So I did a semester. The class was a mixture of new clowns and experienced professional clowns. It turned out that a couple of the professionals trained with my son. So that kind of strengthened the family business. God only knows how that will end up looking down the line.


After a few months of working on basic skills (skills are good), we began working on developing pieces for a show that would end our semester together. Now, I'm pretty funny. And I am a very creative type who can work a story line. That comes from doing a lot of children's pageants in church. I was the one who had pointed eared people read the Gospel in Klingon after all. On Easter Sunday no less. I am bold.

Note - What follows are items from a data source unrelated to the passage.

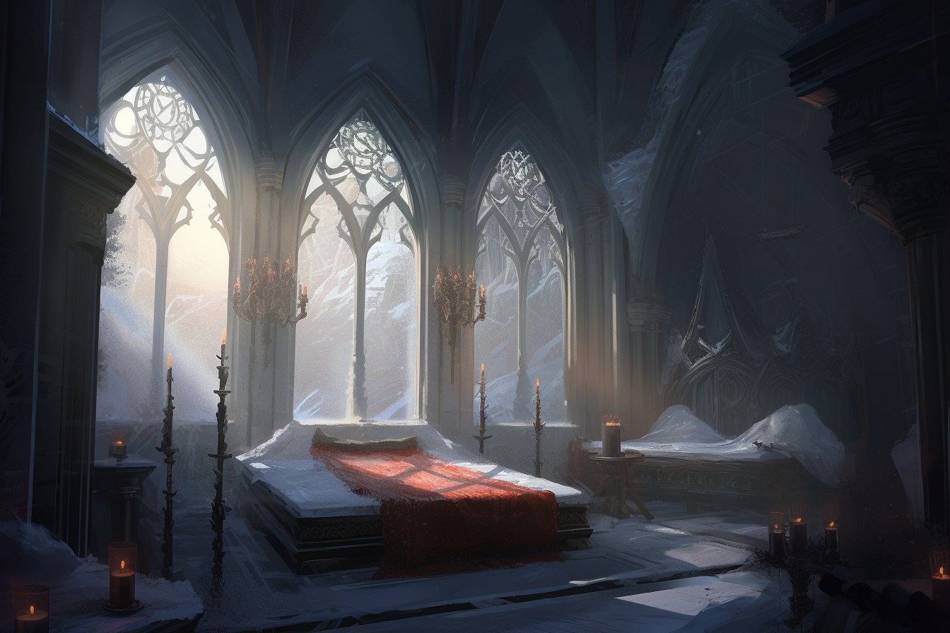 The Mage King had a suite of luxurious rooms in the main keep of Iceholt, which included the grand bedroom shown in the image at the head of the article. Fires were always kept blazing in these rooms which offered excellent views out into the fortress and over the pathway through the bleak lands beyond to the Axial Tower.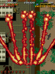 물론, 붉은색 적탄이 잘 안보여 죽기 쉽다는 단점과, 사정거리가 짧다는 취약점, 그리고 가장 문제인것이, 슈팅게임인데 그냥 연타없이 누르고만 있다는것때문에 처음에 한번 써보곤 다시 안쓰게 되는 경향이 있다는게 함정이긴하지만, 처음 이 게임을 봤을때의 그 임팩트는 슈팅게임에서 거의 전무후무했던 수준이었다고 필자는 평가하고 싶다.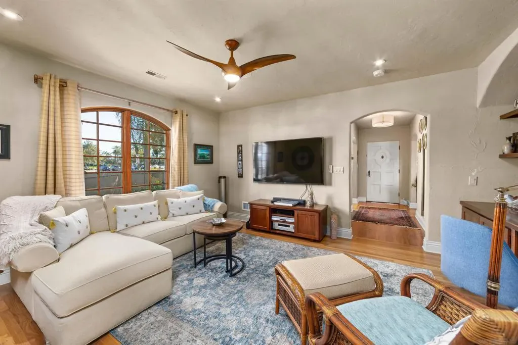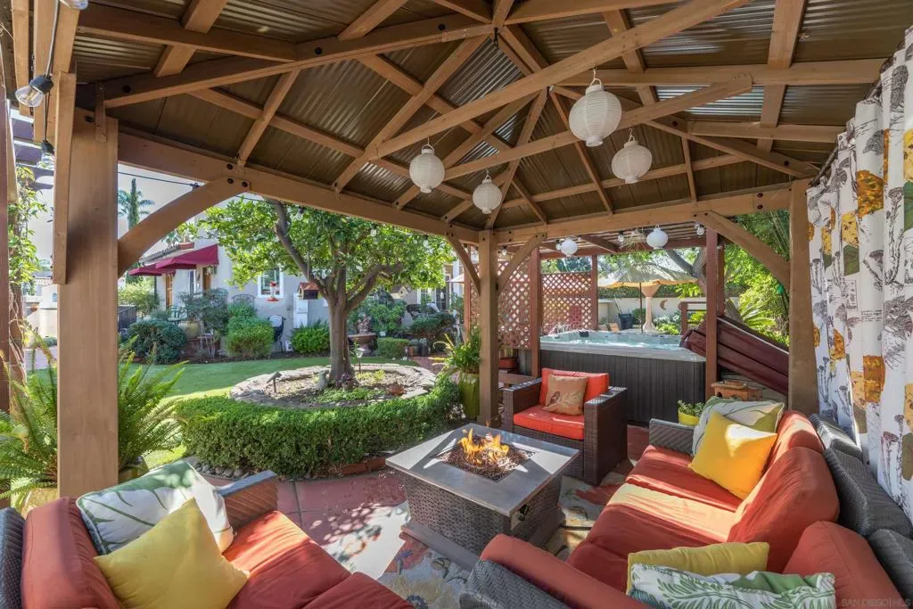 This beautiful home has an incredible outdoor living space, lush garden with rock waterfall feature, large Jacuzzi with a covered seating area, outdoor fire pit, BBQ, and plenty of dining and comfy seating to gather with friends and family members. Enjoy the light and airy feeling this home offers with hardwood flooring throughout. The first level has a formal living room complete with a fireplace and piano. There is also a family room/office with a built-in desk, T.V., and a split AC unit. The kitchen has stainless steel appliances, is well-stocked, and opens up to the dining room with french doors leading out to the backyard. There is also a full bath and a laundry room downstairs. The home has 3 bedrooms, all on the second level, and a full bath with a walk-in shower and a spacious bathtub. The primary bedroom has a queen-size bed, a fireplace, a T.V., a small sitting area, french doors leading out to a balcony, and a split AC unit. Bedroom 2 has a full-size bed and a T.V. Bedroom 3 has a twin trundle that can be used as two twin beds or a queen and a T.V. This home sits on a corner lot with plenty of off-street parking, including the driveway behind the garage. Bikes and beach amenities are ready for your use. The home is fully furnished and has everything you will need to completely relax and enjoy your Coronado vacation.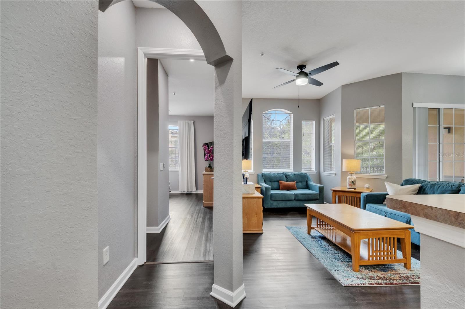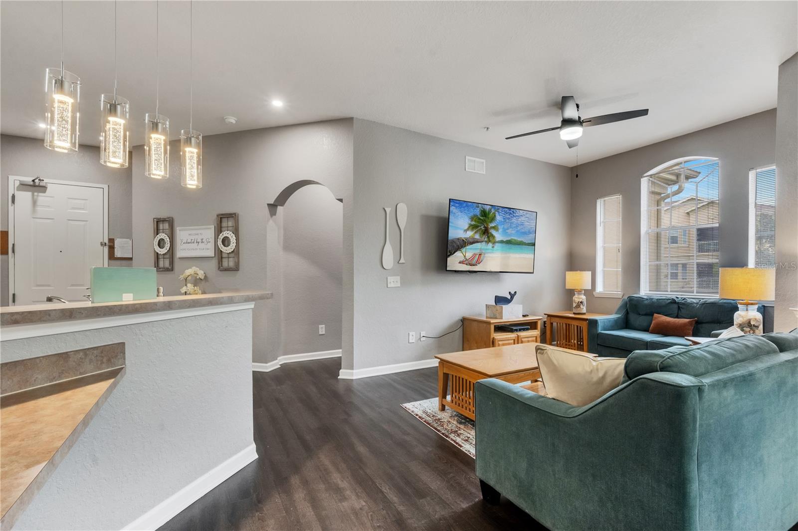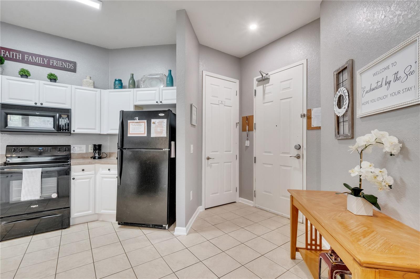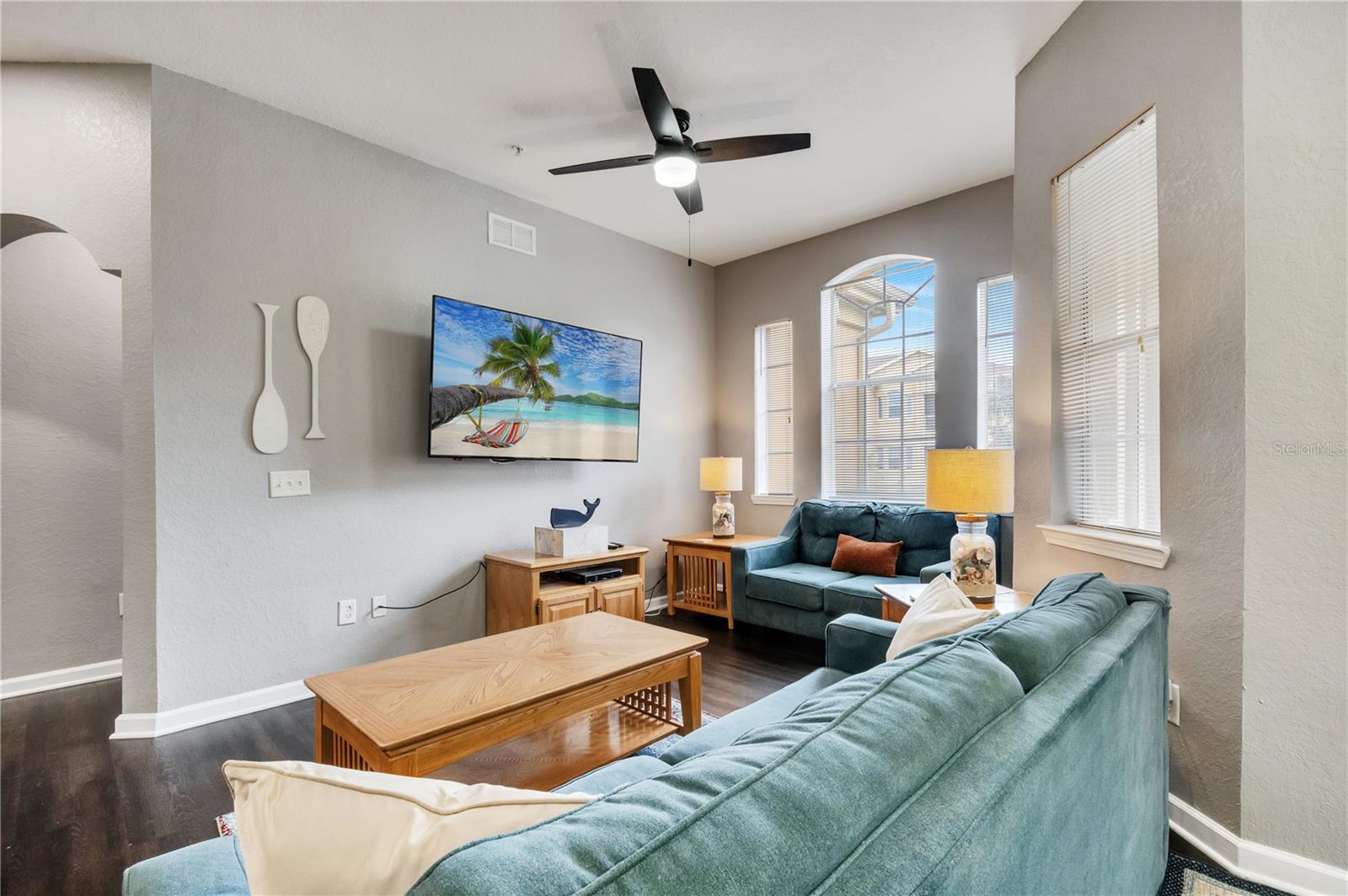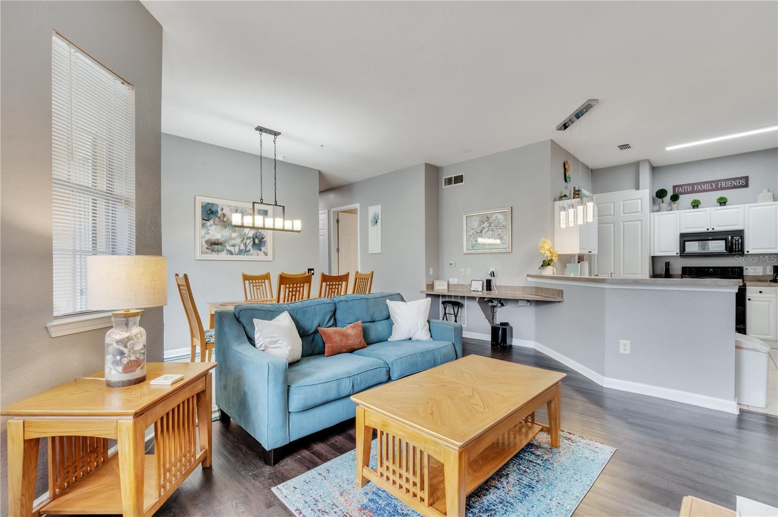 This UPGRADED AND FURNISH Condo at Terrace Ridge At Town Center, a GATED COMMUNITY. THE HOA FEE INCLUDED CABLE, INTERNET, VALET TRASH SEVICE, WATER, PEST CONTROL building insurance and grounds maintenance.NEW ROOF 2024 Close to shopping, Walt Disney World, Reunion, Champions Gate, and easy access to major freeways makes this a desired area to live and enjoy the Central Florida Lifestyle. This lovely 4 bedroom, 2 bath, CORNER UNIT, is on the TOP FLOOR, with access via stairs, lets in extra light and great views. The OPEN-CONCEPT Living area is inviting and bright with many windows,HIGH CEILINGS, built-in desk and beautiful LAMINATE FLOOR THROUGHOUT. The Kitchen has a Breakfast Bar, upgraded cabinets and CUSTON LIGHTING. Relax on your SCREAM BALCONY over looking the nature and mature trees. This SPLIT FLOOR PLAN unit has spacious bedrooms and dual sinks in the guest and master bathrooms to provide more than ample space for those extra guests. The GARDEN TUB in the Guest Bathroom will be a welcome place to soak after a long day at the theme parks! Relax at your community pool with close proximity to unit. Additional amenities include a clubhouse, fitness center and game room. THIS UNIT HAS A STORAGE ROOM.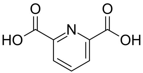 | Keywords: Pyridine-2,6-dicarboxylic acid 200.svg validSVG Structure of pyridine-2 6-dicarboxylic acid Struktur von Pyridin-2 6-dicarbonsäure Own 2014-04-19 Emeldir <span class signature-talk >talk</span> Chemical structure verified https //upload wikimedia org/wikipedia/commons/5/5a/Pyridine-2 2C6-dicarboxylic_acid_200 svg 1S/C7H5NO4/c9-6 10 4-2-1-3-5 8-4 7 11 12/h1-3H H 9 10 H 11 12 WJJMNDUMQPNECX-UHFFFAOYSA-N 499-83-2 Synonyms <small>2 6-Dicarboxypyridine 2 6-Dipicolinic acid 2 6-PYDA 2 6-Pyridine dicarboxylic acid 2 6-Pyridinedicarboxylic acid 2 6-Pyridinedicarboxylic acid 8CI9CI Dipicolinate Dipicolinic acid Dipicolinic acid solution DPA DPAc Pyridine-2 6-dicarbonic acid pyridine-2 6-dicarboxylic acid Pyridine-2 6-dicarboxylic acid sodium 6-carboxypyridine-2-carboxylate</small> PD-chem Pyridine acids Dicarboxylic acids |

What I learned from the process was not what I expected. What happened was an experience of being forcibly molded in a box. The instructor had a perception of who I was and tried to keep me in that box. It really pissed me off at first. But then I realized that there was a real lesson in that and that continuing to press my idea wasn't going anywhere. I remembered a major theme in my early adult life of being pushed into a box. And here it was happening again. In clown school. A little bizarre.


I really wanted out of the box. I had developed a piece about being trapped into the cycle of being expected to be a wife as a vocation. I was being stalked by 3 clown suitors and it was funny. And the instructor thought it would be funnier if I was overwhelmed with children. Children hanging on my skirt; hanging on my neck; delivered in boxes. Good God I did not want to go there again! I had that in real life and during my day job. It turned out to be pretty funny but not really my thing.


But I learned something: my own life makes for good comedy if you can work past some of the sad.


I learned something else: I had to clown in white face so you can forget who you think I am and see who I really am.


And that is a real hoot.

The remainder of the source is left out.